- RECORDED INFORMATION:
----
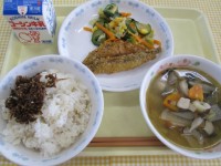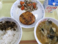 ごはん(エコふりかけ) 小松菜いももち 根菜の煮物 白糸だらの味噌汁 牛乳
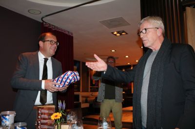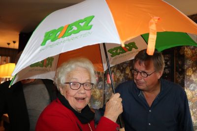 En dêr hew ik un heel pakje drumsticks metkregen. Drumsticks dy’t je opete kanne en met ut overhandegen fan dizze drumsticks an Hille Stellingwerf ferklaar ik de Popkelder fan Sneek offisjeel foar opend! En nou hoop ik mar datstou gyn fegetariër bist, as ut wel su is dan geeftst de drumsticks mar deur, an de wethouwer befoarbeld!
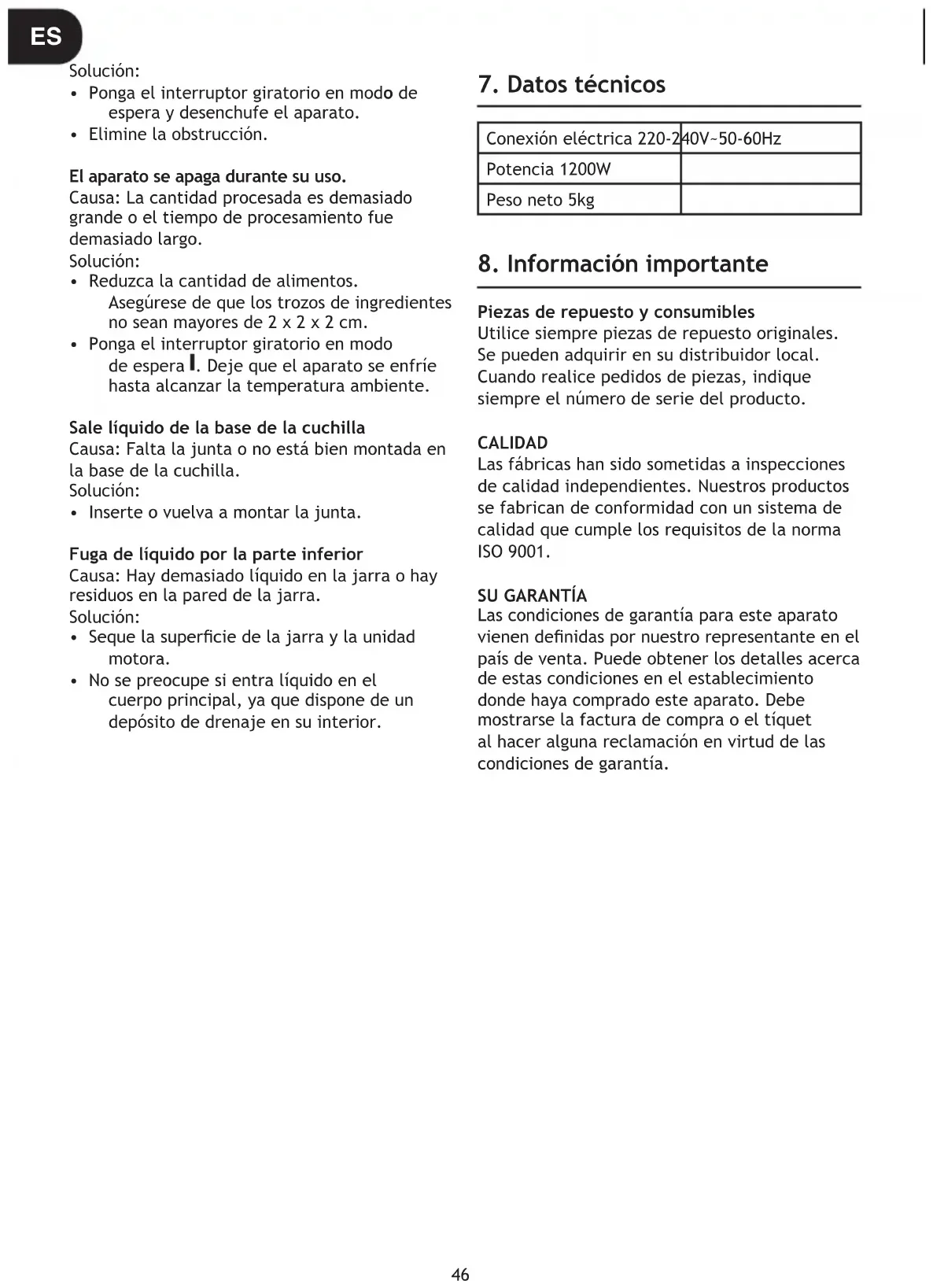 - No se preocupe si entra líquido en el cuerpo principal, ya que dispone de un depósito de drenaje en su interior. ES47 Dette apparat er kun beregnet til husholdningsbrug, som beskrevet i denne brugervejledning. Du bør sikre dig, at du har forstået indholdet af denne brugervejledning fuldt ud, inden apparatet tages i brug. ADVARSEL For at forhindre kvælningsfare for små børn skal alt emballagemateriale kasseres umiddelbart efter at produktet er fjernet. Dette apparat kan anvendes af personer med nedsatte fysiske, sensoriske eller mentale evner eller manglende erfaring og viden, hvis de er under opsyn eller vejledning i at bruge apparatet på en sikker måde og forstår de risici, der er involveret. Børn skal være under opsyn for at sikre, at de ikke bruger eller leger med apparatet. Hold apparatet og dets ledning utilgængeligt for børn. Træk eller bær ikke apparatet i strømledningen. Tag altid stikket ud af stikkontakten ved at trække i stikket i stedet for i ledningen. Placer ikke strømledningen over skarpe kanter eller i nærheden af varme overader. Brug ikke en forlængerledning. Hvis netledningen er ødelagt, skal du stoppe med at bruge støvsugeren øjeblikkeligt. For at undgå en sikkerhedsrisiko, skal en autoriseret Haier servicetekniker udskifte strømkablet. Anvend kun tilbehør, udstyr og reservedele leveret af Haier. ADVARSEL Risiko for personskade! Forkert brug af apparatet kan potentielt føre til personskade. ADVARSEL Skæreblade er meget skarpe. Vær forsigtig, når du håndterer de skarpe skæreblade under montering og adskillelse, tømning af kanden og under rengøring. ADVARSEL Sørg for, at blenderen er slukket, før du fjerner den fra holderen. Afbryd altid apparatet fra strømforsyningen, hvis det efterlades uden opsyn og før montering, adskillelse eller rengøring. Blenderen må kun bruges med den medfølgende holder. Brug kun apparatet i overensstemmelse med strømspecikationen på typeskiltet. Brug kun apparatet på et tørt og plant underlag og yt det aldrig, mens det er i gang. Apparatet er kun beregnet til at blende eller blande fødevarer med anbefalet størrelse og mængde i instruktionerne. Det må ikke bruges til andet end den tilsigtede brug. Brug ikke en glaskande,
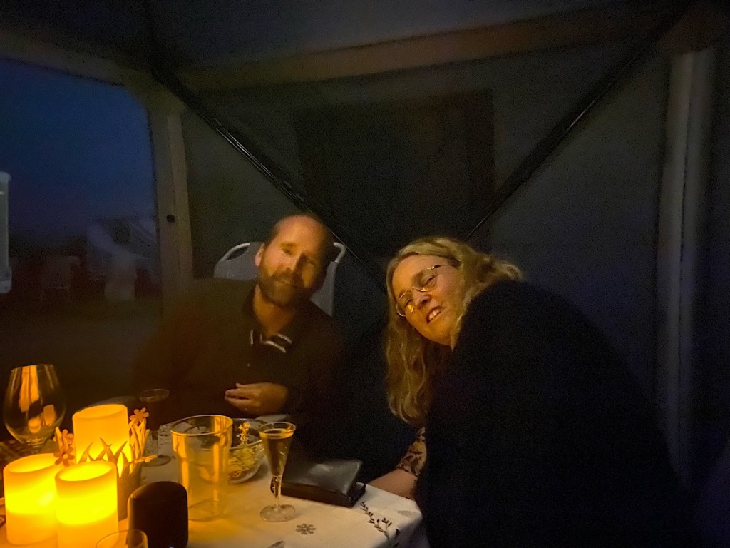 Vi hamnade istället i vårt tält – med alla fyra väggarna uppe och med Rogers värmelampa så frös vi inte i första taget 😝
----
Could you output the entire listing verbatim while omitting its pictures?

- REPLY:
 ごはん(エコふりかけ) 小松菜いももち 根菜の煮物 白糸だらの味噌汁 牛乳
 En dêr hew ik un heel pakje drumsticks metkregen. Drumsticks dy’t je opete kanne en met ut overhandegen fan dizze drumsticks an Hille Stellingwerf ferklaar ik de Popkelder fan Sneek offisjeel foar opend! En nou hoop ik mar datstou gyn fegetariër bist, as ut wel su is dan geeftst de drumsticks mar deur, an de wethouwer befoarbeld!
 - No se preocupe si entra líquido en el cuerpo principal, ya que dispone de un depósito de drenaje en su interior. ES47 Dette apparat er kun beregnet til husholdningsbrug, som beskrevet i denne brugervejledning. Du bør sikre dig, at du har forstået indholdet af denne brugervejledning fuldt ud, inden apparatet tages i brug. ADVARSEL For at forhindre kvælningsfare for små børn skal alt emballagemateriale kasseres umiddelbart efter at produktet er fjernet. Dette apparat kan anvendes af personer med nedsatte fysiske, sensoriske eller mentale evner eller manglende erfaring og viden, hvis de er under opsyn eller vejledning i at bruge apparatet på en sikker måde og forstår de risici, der er involveret. Børn skal være under opsyn for at sikre, at de ikke bruger eller leger med apparatet. Hold apparatet og dets ledning utilgængeligt for børn. Træk eller bær ikke apparatet i strømledningen. Tag altid stikket ud af stikkontakten ved at trække i stikket i stedet for i ledningen. Placer ikke strømledningen over skarpe kanter eller i nærheden af varme overader. Brug ikke en forlængerledning. Hvis netledningen er ødelagt, skal du stoppe med at bruge støvsugeren øjeblikkeligt. For at undgå en sikkerhedsrisiko, skal en autoriseret Haier servicetekniker udskifte strømkablet. Anvend kun tilbehør, udstyr og reservedele leveret af Haier. ADVARSEL Risiko for personskade! Forkert brug af apparatet kan potentielt føre til personskade. ADVARSEL Skæreblade er meget skarpe. Vær forsigtig, når du håndterer de skarpe skæreblade under montering og adskillelse, tømning af kanden og under rengøring. ADVARSEL Sørg for, at blenderen er slukket, før du fjerner den fra holderen. Afbryd altid apparatet fra strømforsyningen, hvis det efterlades uden opsyn og før montering, adskillelse eller rengøring. Blenderen må kun bruges med den medfølgende holder. Brug kun apparatet i overensstemmelse med strømspecikationen på typeskiltet. Brug kun apparatet på et tørt og plant underlag og yt det aldrig, mens det er i gang. Apparatet er kun beregnet til at blende eller blande fødevarer med anbefalet størrelse og mængde i instruktionerne. Det må ikke bruges til andet end den tilsigtede brug. Brug ikke en glaskande,
 Vi hamnade istället i vårt tält – med alla fyra väggarna uppe och med Rogers värmelampa så frös vi inte i första taget 😝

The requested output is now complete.